By Courtney Elizabeth Mauk
Engine Books, 2012

For some readers (and I am one of them), one of the best reading experiences is one that involves a certain level of surprise—not necessarily plot-related, although depending on how it is done, that can work as well. I’m talking more about surprise in the sense that something about the book subverts some of the very expectations it constructs in its early pages.

The opening chapters of Courtney Elizabeth Mauk’s Spark present a family history and dynamic that is immediately engaging: Andrea’s brother Delphie is about to get out of prison and come to live with her and her live-in boyfriend Jack. Delphie has a troubled past that involves juvenile detention, pyromania and the accidental death of a family of four. Andrea, our first-person narrator, hasn’t seen her brother for many years and has built up an image of him based on her childhood memories and her understanding of his crimes and compulsions. Jack, for his part, is an artist, and the immediate tension between Andrea, her brother and himself, as well as what Jack understands of the origins of that tension (Delphie’s crimes and Andrea’s assumptions about what initiated them), become a form of artistic inspiration. The result is quite disastrous and the connections between these three people begin to fray and wear out.

Within the story of this three-person relationship, Mauk introduces a neat parallel between the ideas of compulsion and its softer, more attractive manifestation, desire. Andrea is a self-aware and thoughtful narrator, and she gives us real access into how she has struggled with this very question:

Desire and impulse, two words, inseparable. I have mulled over both. I have thought about Delphie on that shadowed slab of sidewalk, watching the Greenes’ house ablaze, his face turned up to receive the heat, the golden caress. Did his pulse quicken? Did his body shake? Was what he felt the same yearning, the same heightening momentum of Jack’s body entering mine? Was what he felt better, greater, a divinity beyond anything I’ve ever known?
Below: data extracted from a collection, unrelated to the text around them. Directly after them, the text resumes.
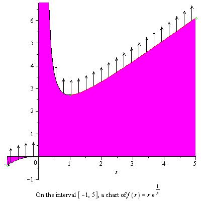 Student[Calculus1][FunctionChart](x*exp(1/x),x=-1..5);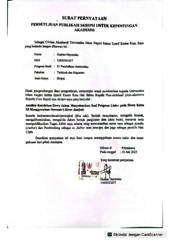 FHATINA HAYANNISA, - (2025) ANALISIS KESALAHAN SISWA DALAM MENYELESAIKAN SOAL PROGRAM LINIER PADA SISWA KELAS XI MENGGUNAKAN NEWMAN’S ERROR ANALYSIS. Skripsi thesis, UIN SUSKA.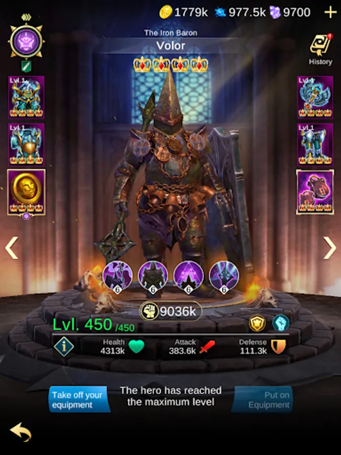 HERO LEVEL: Elevate your champions to Level 450. With each level, their health, attack, and damage amplify, unlocking powerful combat abilities.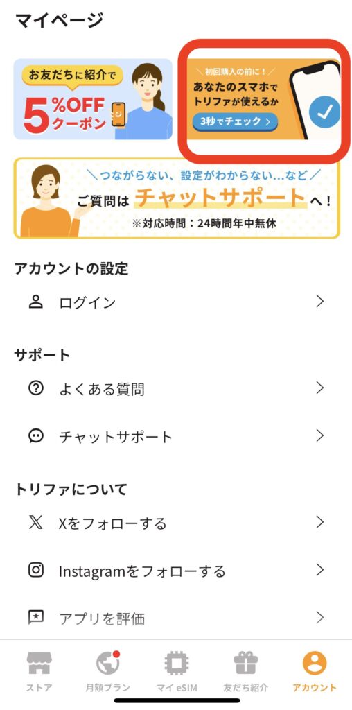 Trifa公式アプリには、端末がeSIMに対応しているかをすぐに確認できる診断機能があります。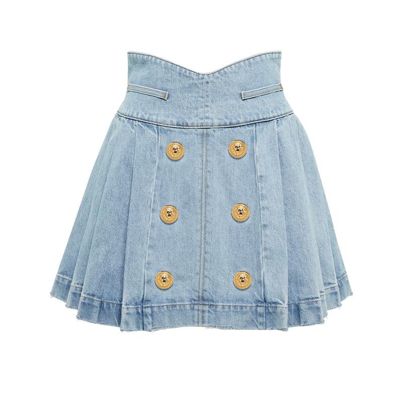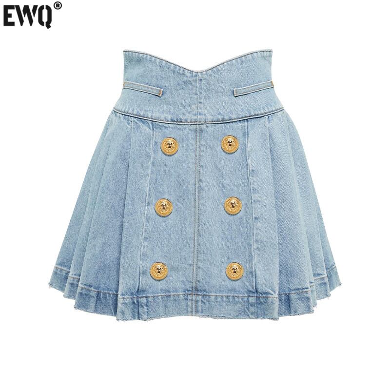 [EWQ] 夏 レディース ミニ デニム スカート パッチワーク プリーツ ジッパー ダブルブレスト スカート タイド 16U1238 サマー 夏物

Lying awake at night, listening to Jack breathing beside me, I have clenched my hand in the sheets. I have tightened my body, squeezed shut my eyes, strained every muscle for an answer to my questions, a point of understanding. And I have found nothing. My reactions are lacking, my wants incomplete, my soul inadequate. In those moments, I have hated my weakness. To know such pleasure that you would do anything, even kill, for its achievement—that must be a drive like nothing else.

Essentially, this question of desire is where the entire novel will hinge. And as Mauk leads the reader through Andrea’s exploration, she also begins to embed what has been a conventional narrative with a series of unusual scenes. As Andrea’s situation becomes more difficult (conflict with her brother, with Jack, with a looming threat of Delphie committing another crime or falling ill), she spends increasing amounts of time on her own. And she meets an intriguing young woman named Sally in a music store one evening, late at night:

She looks up at me and smiles.

Skeletal and beautiful, she wears a black, beaded flapper dress, the skirt ragged and torn at the hem. A large gold cross hangs from her neck, and she pulls on the chain as she flips through her CDs, her nails clattering against the cases. Her skin is pale, almost translucent, contrasting with her long black hair, her dark red lips, her dark eyes outlined even darker.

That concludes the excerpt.